▶ [EXERCISE] Of all the entries below, only the lines from the one with "instruktorów, opisy pracy)" up to and including the one with "2、进入游戏后中心出现粉色小" are to be duplicated exactly.

[Opening EXERCISE INPUTS section]

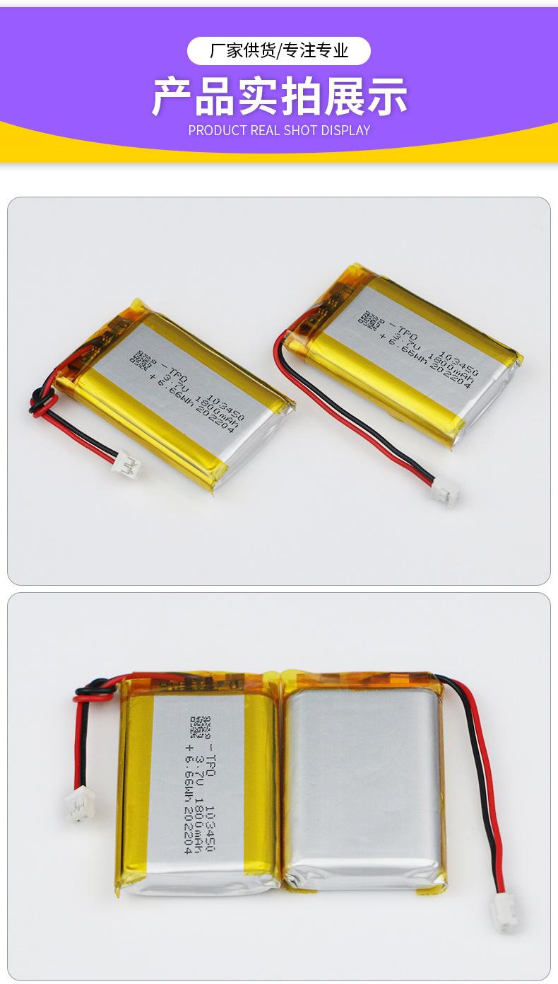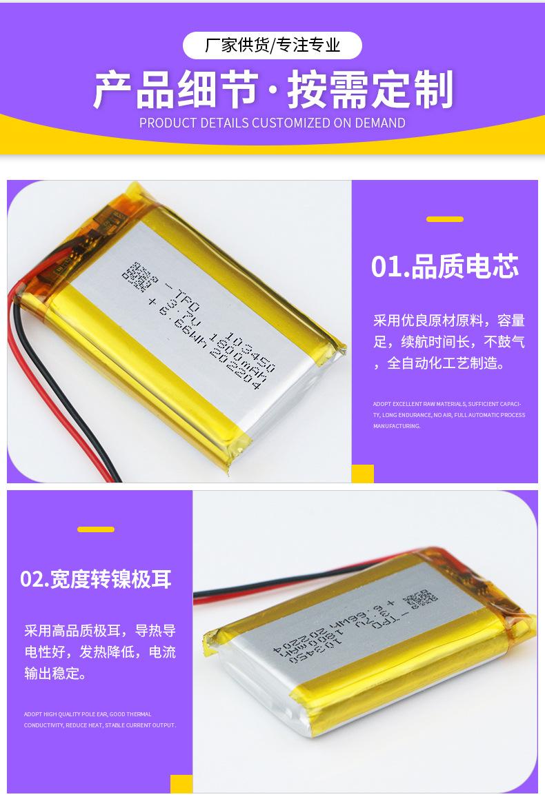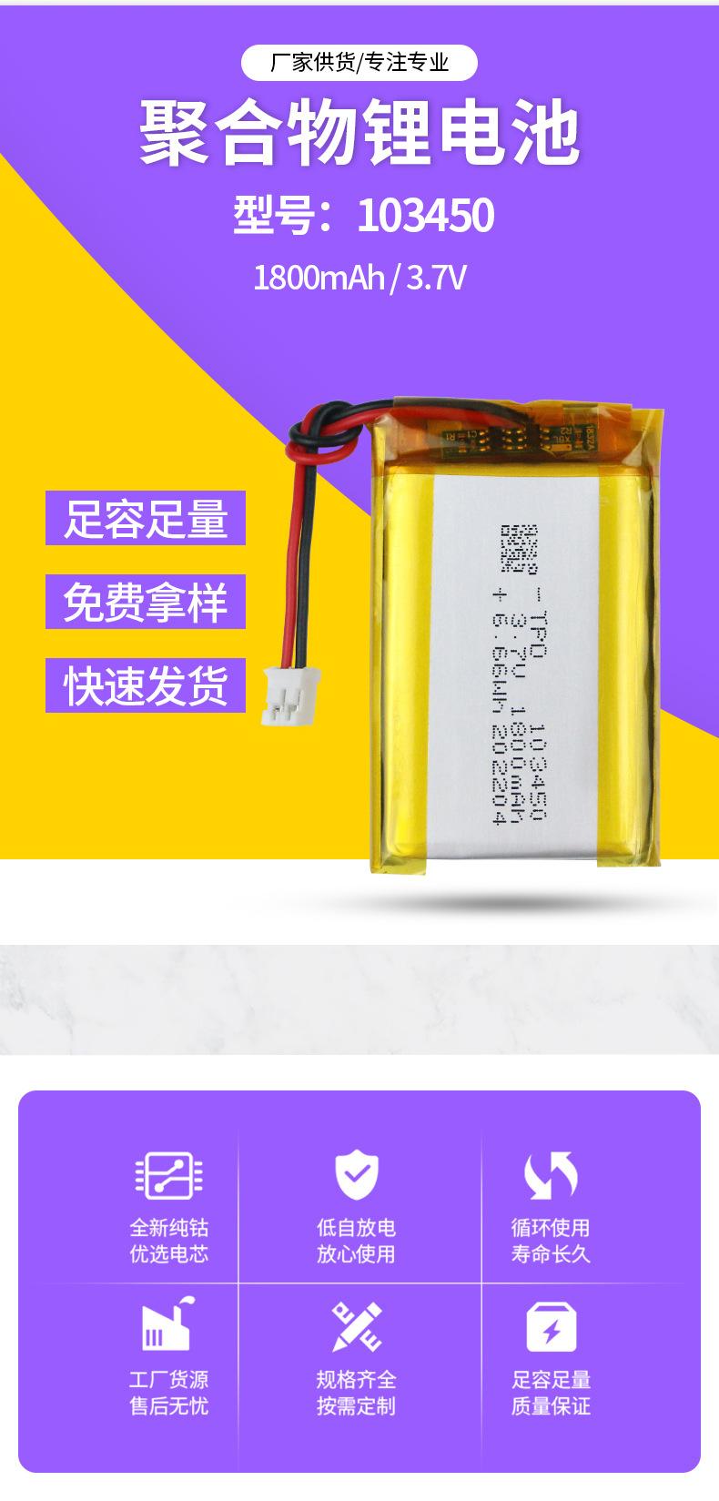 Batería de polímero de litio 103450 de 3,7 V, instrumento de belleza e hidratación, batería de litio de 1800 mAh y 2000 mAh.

[Closing EXERCISE INPUTS section]
[Opening EXERCISE INPUTS section]

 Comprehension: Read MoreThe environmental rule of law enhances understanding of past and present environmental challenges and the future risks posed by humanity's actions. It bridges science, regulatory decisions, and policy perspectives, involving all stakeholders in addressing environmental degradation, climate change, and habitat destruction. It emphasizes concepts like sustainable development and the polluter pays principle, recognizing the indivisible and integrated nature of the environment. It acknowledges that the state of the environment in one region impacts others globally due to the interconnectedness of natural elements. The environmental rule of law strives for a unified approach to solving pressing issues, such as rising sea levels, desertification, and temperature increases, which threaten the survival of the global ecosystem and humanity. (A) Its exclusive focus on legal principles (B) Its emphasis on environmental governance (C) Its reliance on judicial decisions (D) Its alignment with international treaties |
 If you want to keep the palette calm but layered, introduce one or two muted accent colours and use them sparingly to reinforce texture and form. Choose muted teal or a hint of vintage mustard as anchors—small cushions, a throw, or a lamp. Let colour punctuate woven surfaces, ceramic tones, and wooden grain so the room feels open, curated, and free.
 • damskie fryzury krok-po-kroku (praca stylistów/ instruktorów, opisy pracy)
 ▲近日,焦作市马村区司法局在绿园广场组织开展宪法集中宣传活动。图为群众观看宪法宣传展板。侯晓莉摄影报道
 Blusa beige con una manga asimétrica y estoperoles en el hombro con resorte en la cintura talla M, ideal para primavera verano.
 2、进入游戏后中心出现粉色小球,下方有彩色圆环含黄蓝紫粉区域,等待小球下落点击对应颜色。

[Closing EXERCISE INPUTS section]

▶ [FINISHED TASK]
 • damskie fryzury krok-po-kroku (praca stylistów/ instruktorów, opisy pracy)
 ▲近日,焦作市马村区司法局在绿园广场组织开展宪法集中宣传活动。图为群众观看宪法宣传展板。侯晓莉摄影报道
 Blusa beige con una manga asimétrica y estoperoles en el hombro con resorte en la cintura talla M, ideal para primavera verano.
 2、进入游戏后中心出现粉色小球,下方有彩色圆环含黄蓝紫粉区域,等待小球下落点击对应颜色。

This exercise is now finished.